Caution, Anemia: Your Infant Needs Iron, Here’s Why
One of the more important elements to keeping your infant healthy is ensuring they receive a regular supply of iron. An iron deficiency can lead to a slew of negative ramifications affecting their nature and behavior - in the present, as well as in the future. According to the Health Ministry’s recommendations, infants should be given a daily iron supplement from the age of 4.5 months to 18 months.
How iron helps infants develop
Iron serves as the raw material that helps create hemoglobin, the protein found in red blood cells and responsible for the transportation of oxygen to various tissues in the body. While still in utero, your infant requires that you supply them with iron, which is why pregnant women need to consume twice the amount of iron as usual; enough for them and their babies.
Iron: Necessary during pregnancy, as well as after birth
Iron isn’t only needed for infants while in utero. Even once they are born, infants continue to need iron to be able to continue to develop. During the first months of life and until the age of two, infants develop at an accelerated pace. One of the most important organs to develop during this time is the brain, which needs lots of oxygen to be able to develop and function properly. This, of course, on top of all the smaller organs that also need lots of oxygen to be able to grow and develop, together with your infant.
Infant development depends on regular iron supplies
Your infant was born with an iron store containing enough iron for their first four months of life. In light of your little one’s accelerated growth, the iron store naturally depletes, which can cause anemia and directly impact current and future development. Tiredness, weakness, an inability to remain awake, restlessness and a reduced appetite are just some of the possible symptoms they may exhibit. And, aside from the immediate effects, an iron deficiency can influence infant development in several ways, creating problems that pop up in the future.
Infant iron deficiency - Long-term effects
Aside from the initial symptoms, an iron deficiency can affect your infant’s development on a deeper level, for the long-term:
Motoric - Your infant learns how to move their extremities, move from place to place, move objects - and grab hold of them. An iron deficiency is likely to cause your infant to feel too tired and unmotivated to move themselves forward. An iron deficiency can also disrupt your infant’s growth, create hearing and sight problems and even cause infants to stop breathing (in extreme cases).

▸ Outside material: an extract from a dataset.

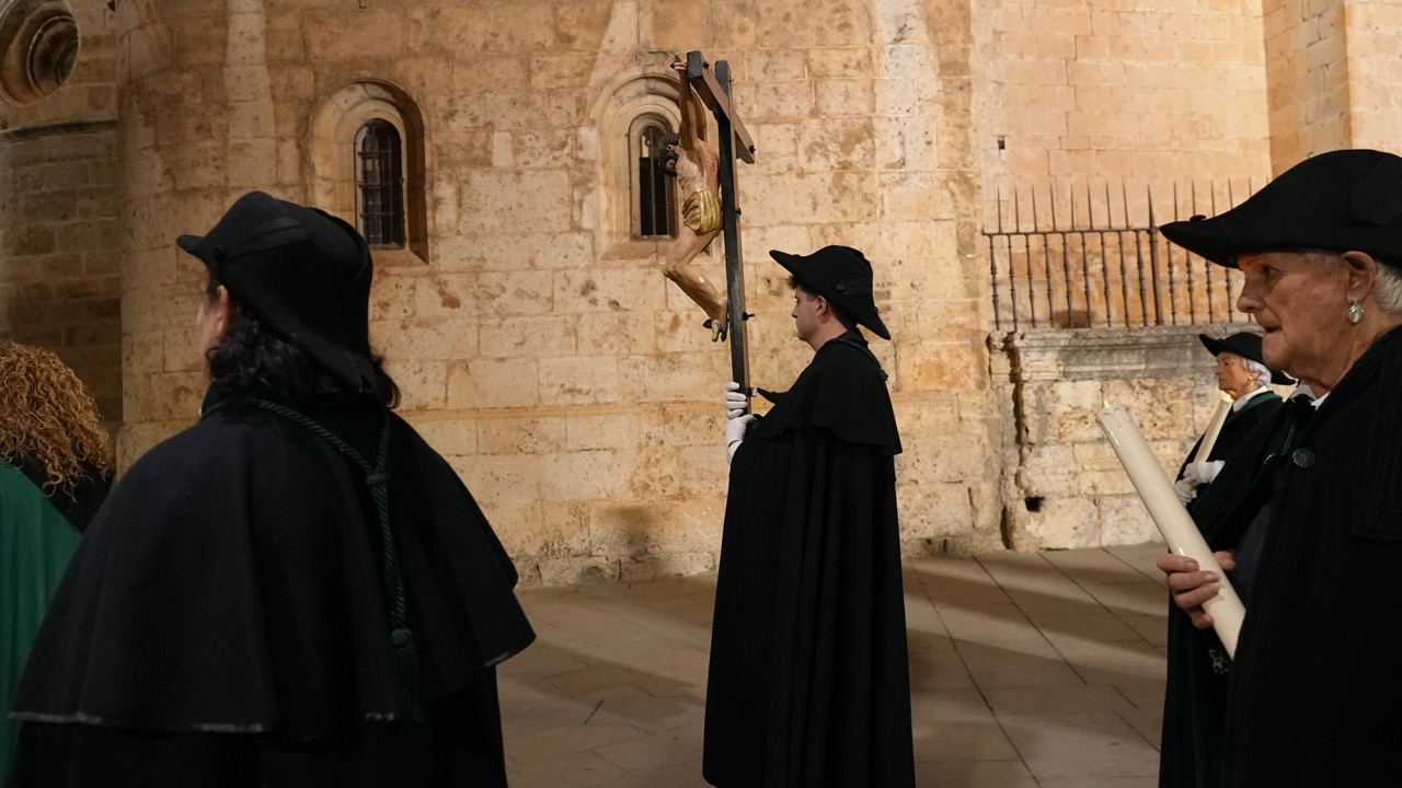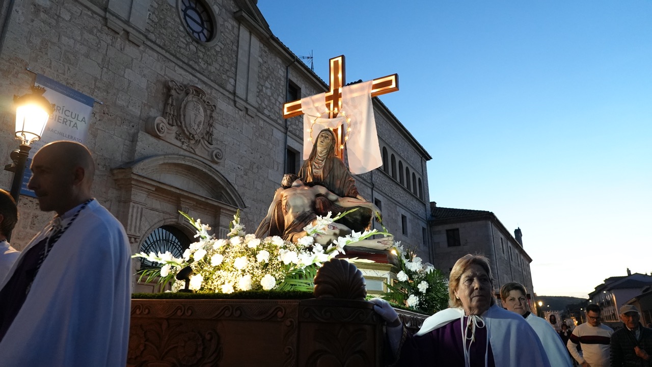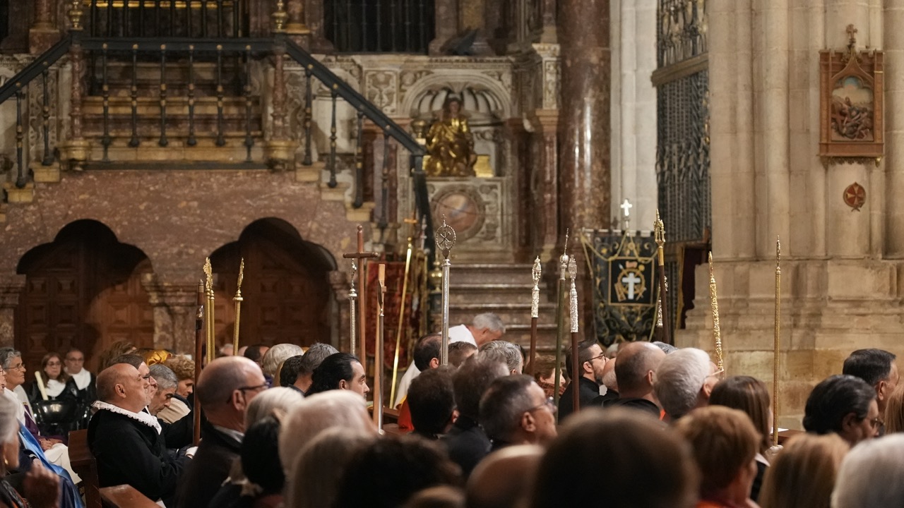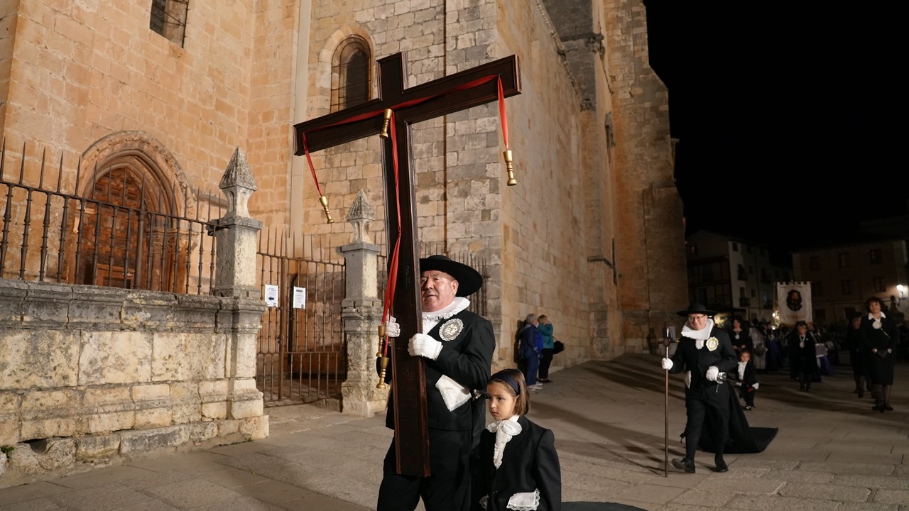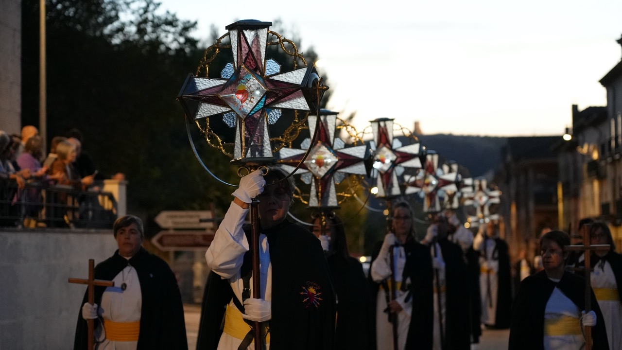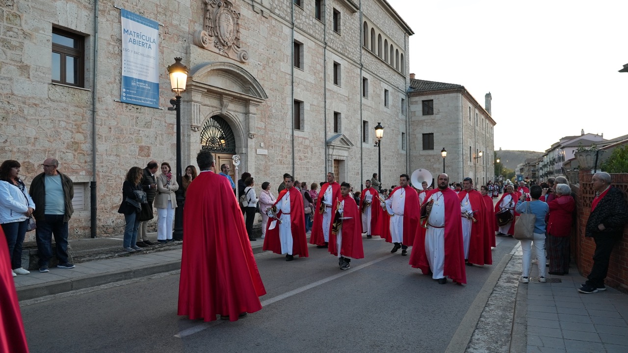 La actividad oficial ha comenzado a las seis de la tarde en la iglesia del Carmen con un acto penitencial necesario para ganar el Jubileo. Tras él, partía la procesión por las calles burgenses pasando por el Seminario, plaza Mayor y calle Mayor antes de desembocar en la plaza de la Catedral y entrar el templo por la puerta de San Miguel. El Administrador diocesano de Osma-Soria, Gabriel Ángel Rodríguez Millán, ha presidido una emotiva eucaristía en la que ha destacado el papel de las cofradías como custodias vivas de la fe y la esperanza en los pueblos de la diócesis. En su homilía, subrayaba que “la victoria del pueblo de Dios no depende de la fuerza, sino de la fe”, invitando a los cofrades a ser “oración en movimiento” y testigos alegres del Evangelio en medio del mundo. El Administrador alentó a redescubrir la esencia del Evangelio, a perseverar en la oración y a vivir con confianza y esperanza, recordando que “Cristo no vino a buscar perfectos, sino a levantar al que cayó y encender la llama en el que ya no creía”.

Cognitive - An iron deficiency can delay the creation of neural connections that affect the learning process by reducing the number of neurons and lowering the layer of “insulation” surrounding these cells. The result - influences on how your infant understands what is going on around them, and how your infant understands and implements instructions. These issues can accompany your child throughout life.
Emotional - An iron deficiency can also affect your infant’s emotional state. Infants and toddlers who suffer from an iron deficiency tend to be dependent, tired, hesitant and caution. As a result, they tend to cling to their parents, are less inclined to develop social relationships and become more closed off and introverted, impacting their social skills.

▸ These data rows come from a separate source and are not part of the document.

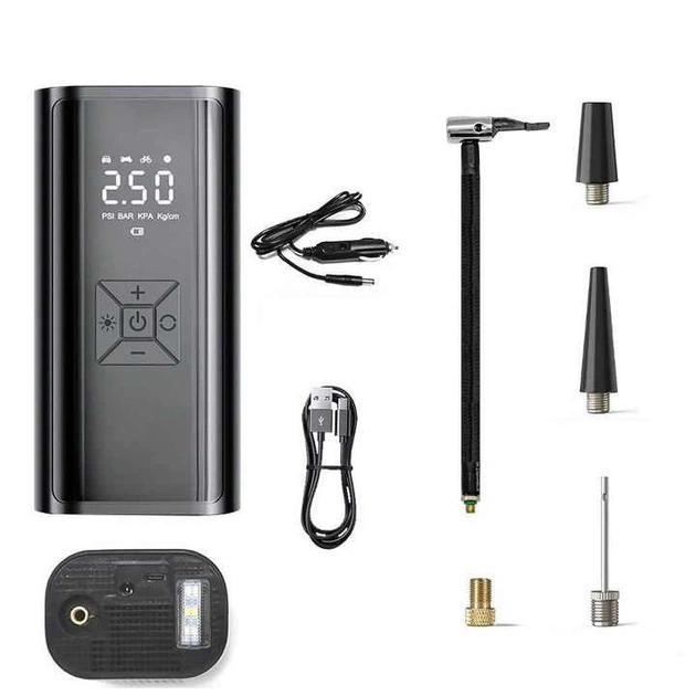 Акумуляторний насос-компресор 2в1 з LED-дисплеєм і акумулятором 6000 мА·год для шин і велосипедів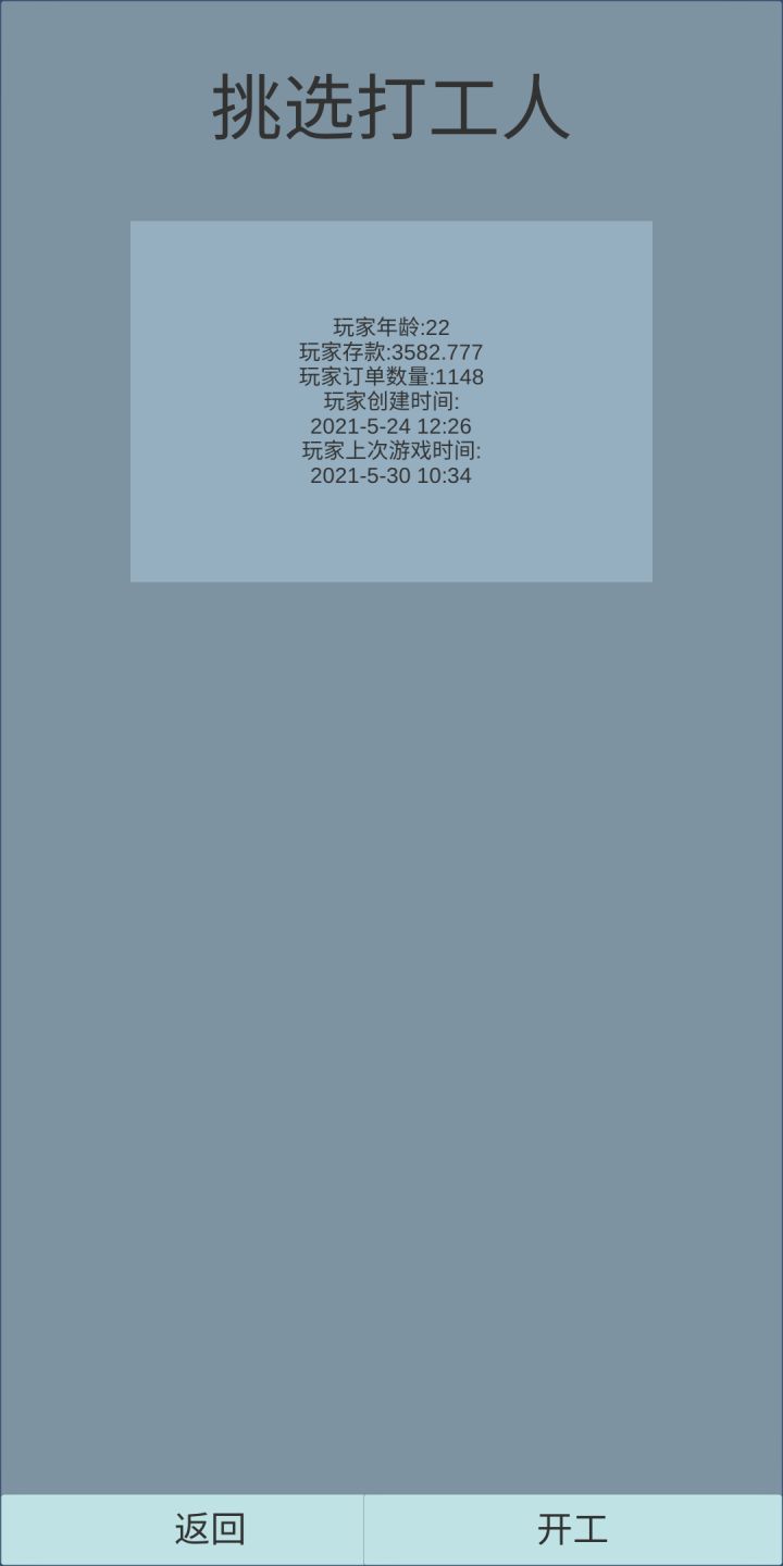 1.游戏并不是实时更新数据的.因为云服务器实时更新的话可能话直接炸掉.游戏的数据更新是在 你选择打工人的时候进行刷新.想要刷新自己的数据,可以重新选择一下角色.2.游戏准时率的统计,玩家单量必须大于50单.祝大家游戏愉快.有什么bug及时回复和反馈给我.谢谢啦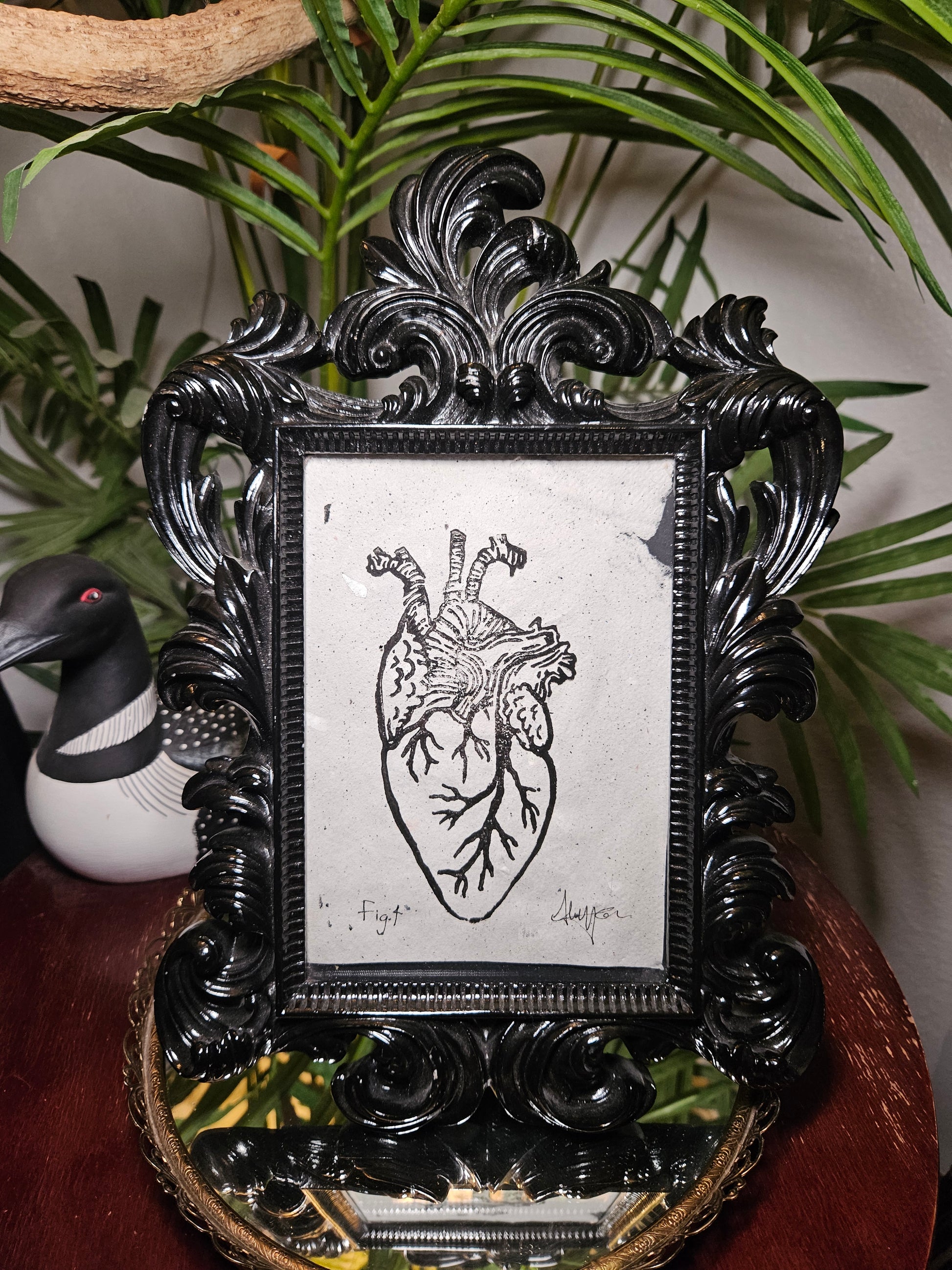 Rubber linocut anatomical heart printed on in house recycled paper. Easel back vintage frame.

What is the recommended dose of iron for infants and how can you obtain it?
True, iron deficiency comes with its fair share of side-effects and influences your infant’s development, but this is no cause to worry. We are here to help! How can you know which nutritional supplement is best for your infant? There are two main types of iron deficiency treatments on the market:
Nutritional supplements that contain iron to help prevent anemia
Iron medications to prevent anemia
What’s the difference between the two?
At first glance, it seems that there is no difference between the two, but it is always important to read the fine print. Nutritional supplements are not required to prove their effectiveness through clinical studies, their production process undergoes less stringent supervision than medication production processes (supplements need only undergo a poison control test by the Health Ministry’s Food Department).
Conversely, iron medications undergo a meticulous approval process by the Health Ministry, during which they are required to prove their effectiveness in preventing anemia, via clinical studies. In addition, the pharmaceutical companies producing these medications must meet exacting production standards.
Now that we understand that your infant needs iron, all that’s left is to ensure that they get the iron they need to develop. But before you choose the iron supplement you’ll give your child, ensure that it is, indeed, effective at preventing anemia and is emblazoned with a medical stamp of approval. After all, your infant deserves the best.